We set out to solve a business challenge to try to develop a platform that will provide insights for heavy equipment, including heatmaps of farm equipment across the country, using data science and machine learning techniques. Such information is of high interest for original equipment manufacturers (OEMs), dealers of farm equipment and financial institutions. In this multi-billion-dollar industry, this one-of-its-kind BI platform will offer intelligence to our clients who can target prospects based on financing details of equipment, geographic region, climatic conditions and numerous business specific criteria.

The goal was to answer the following questions:

  • Where do the farmers finance?
  • Are the farmers moving to commercial banks?
  • Who are the competitive lenders?
  • What is the frequency of purchase of equipment with collateral?
  • How can inventory be managed down to the county level?
  • How should we determine supply and demand based on economic and climatic conditions?

Analytics Solution

We decided to use data science, a statistical probabilistic algorithm called Linear Dirichlet Allocation (LDA) and supervised machine learning to achieve outputs from the equipment data.
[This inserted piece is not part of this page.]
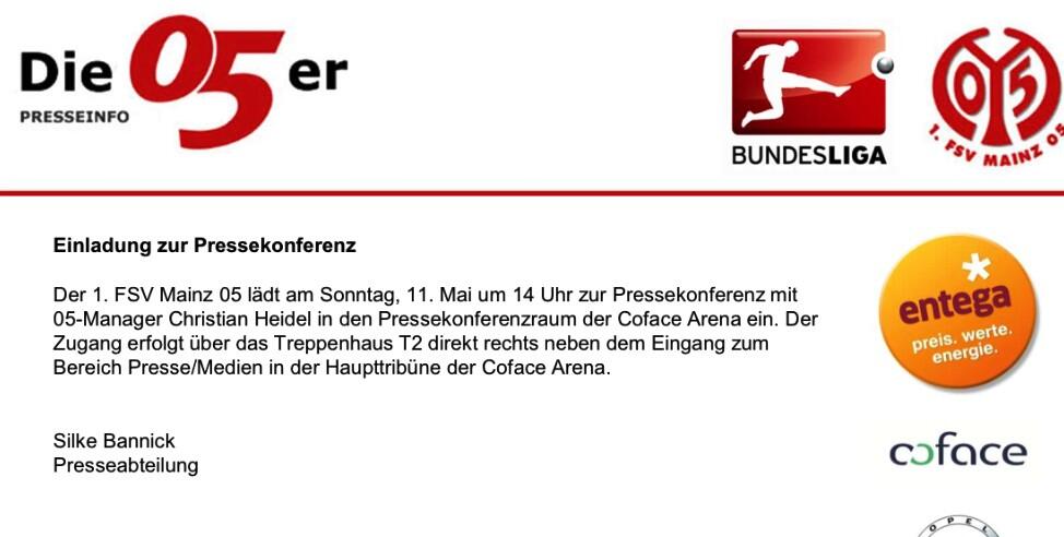 Ich finde es übrigens zu 100% richtig, ihn bei der PK auszuladen, denn die PK ist Veranstaltung von Mainz 05 und ich bin mir sicher, dass der Verein ihn formell freigestellt hat, also kann er daran auch nicht teilnehmen.

The second statistical model used to fine tune the LDA-generated output is Correlation Explanation (CorEX). This framework uses semi-supervised learning.

In short, we use probabilistic algorithms to process natural language and provide intelligence to financial institutions to strategize the loans to farmers and dealers. We visualize the data (heat maps and movement of equipment) to depict the trends and supply/demand in equipment in each county in the entire country.


In the absence of a BI system that provides intelligence about farm equipment, our solution has the opportunity to make a huge impact. In addition to OEMs such as Case and Deere, banks such as Wells Fargo and Bank of America have an immediate need for this information. This project is in a unique position to fill an informational void and provide an advantage to Randall-Reilly over all other companies and competitors.